Meyer's pathological contempt for losing seeps into every aspect of his coaching, and that will continue to his Jaguars practices. 

The Jags staff charts any one-on-one drill, declaring to all within earshot who won the drill and, by omission, who lost. 

From The Athletic: 

On Wednesday, Jacksonville’s second day in pads, chief of staff Fernando Lovo announced that winners and losers would be charted. Then Lovo spent the rest of practice announcing which player won individual reps so staffers could chart how many times each player won or lost. “WINNER — MANHERTZ,” Lovo bellowed after tight end Chris Manhertz successfully blocked fellow tight end Tim Tebow in a special teams drill.
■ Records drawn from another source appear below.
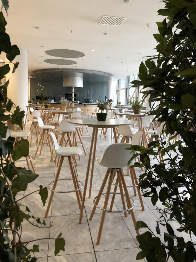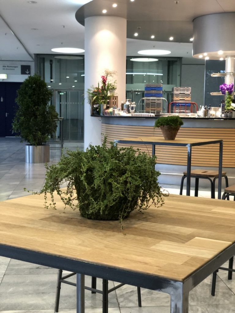 Streetfood über drei Etagen: Im Rahmen eines Firmen-Events begeisterte ein riesiges kulinarisches Angebot im Congress Center der Messe Frankfurt rund 1.000 Gäste. Alles, was hip und lecker ist, kam in entspannter Loft-Atmosphäre auf den Tisch. Die Dekorationselemente orientierten sich am urbanen Hygge-Design: Schicke Möbel aus Eisen und Holz wechselten sich mit bunten Hockern ab; dazu bildeten üppige Floral-Arrangements wie moosbewachsene Übertöpfe, Hängepflanzen, Kräuter und appetitanregende Gemüse-Dekorationen einen Kontrast zu Backstein- und Holzwänden.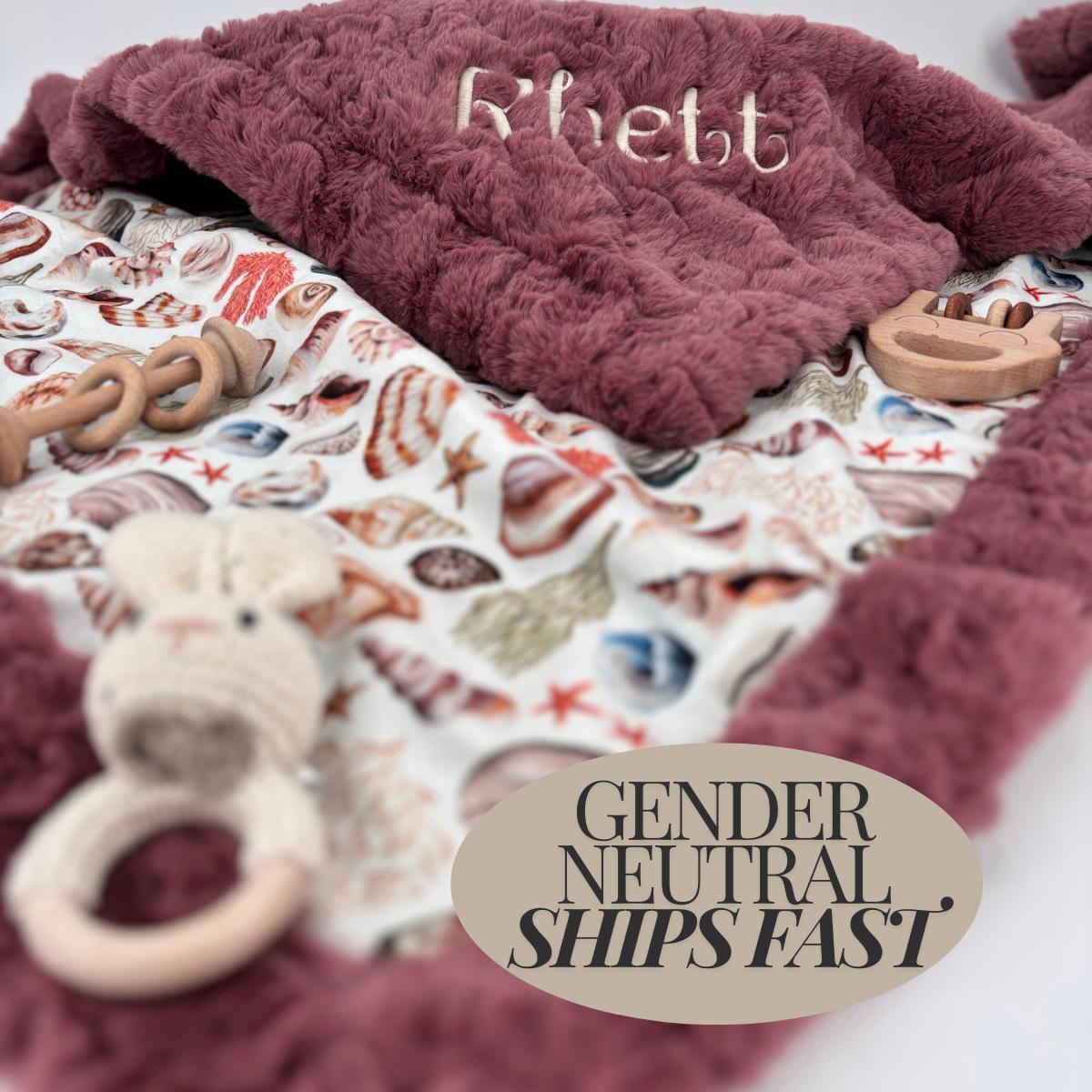 Personalized Coastal Blanket for Newborn gender Neutral Gift Idea Set Ocean Nursery Custom Name Embroidered Keepsake seashell theme Infant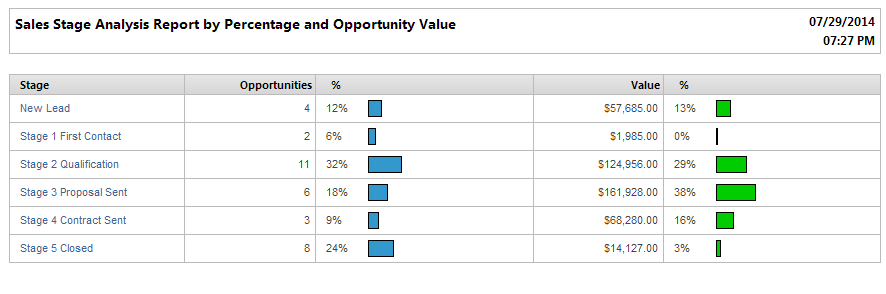 Importes y porcentaje de oportunidades en diferentes etapas del proceso de ventas. |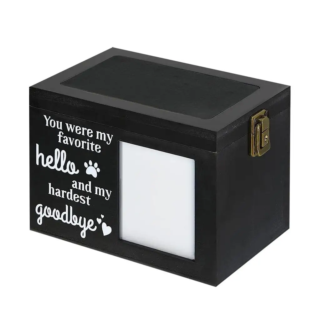 2.Emotional Pet Remembrance: The front of this ashes box is engraved with the words "You were my favorite hello and hardest goodbye", perfect for commemorating your beloved pet's life. Ideal condolence gift for friends grieving the loss of a pet.

Later, Meyer himself was the arbiter of wins and losses as offensive linemen clashed with defensive linemen in one-on-one pass protection drills. Like a wrestling referee at the Olympics, Meyer would thrust a hand toward the winning side or raise both hands to indicate a draw. On one rep Meyer simply marveled with everyone else as rookie tackle Walker Little, a second-round draft pick, leveled 2020 first-round edge rusher K’Lavon Chaisson with a vicious — but perfectly legal — two-handed punch to the chest plate.

This isn't just Meyer trying to get his fear of losing to seep from his psyche into his players' DNA. As he explained to ESPN, there's a practical application, too. There are 90 players in Jaguars helmets right now. Between now and Sept. 12, Meyer and his staff will fire more than 40 percent of those players. For most of that 40 percent, this will be the last time they earn an NFL paycheck. These are grown men, with families and bills. 

It's a weighty responsibility, and if Meyer is going to unwittingly cast professional football players into civilian life, he needs as much hard-and-cold data to justify the decision as possible.

“A big roster’s going to go to a smaller roster, and I think to be fair to players — we all have so much respect [and] this is a way guys make a living — I don’t believe in subjectivity,” Meyer told ESPN. “I believe in, what’s your record? Every man’s got a record. What is it? You are what your record [is]. If you lose a lot but you have a lot of potential, that’s not real good. . . . Just over the course of my career, I can give you example after example [of players who] maybe they’re a little slow, but they just never lose.”

A player won't get cut specifically because he loses too many one-on-ones, but if it's close between he and a player of similar ability -- for example, a certain Heisman Trophy-winning quarterback trying to make a comeback as a tight end -- one-on-ones could be the difference between a roster spot and a spot on the couch. 

 "But I've had to make decisions on who starts, and it's not fair to players to say, Well, I'm starting [you] because I like you, or because you're from Ohio. It's just: Here's the stats. They say statistics are for losers, and my comment is usually losers say statistics are for losers.

"So you've got a record. What's your record? How's it going? I just think that's a complete mentality. That Tom Brady guy, his record's really good. You move him to the Buccaneers, it's really good. New England Patriots, really good."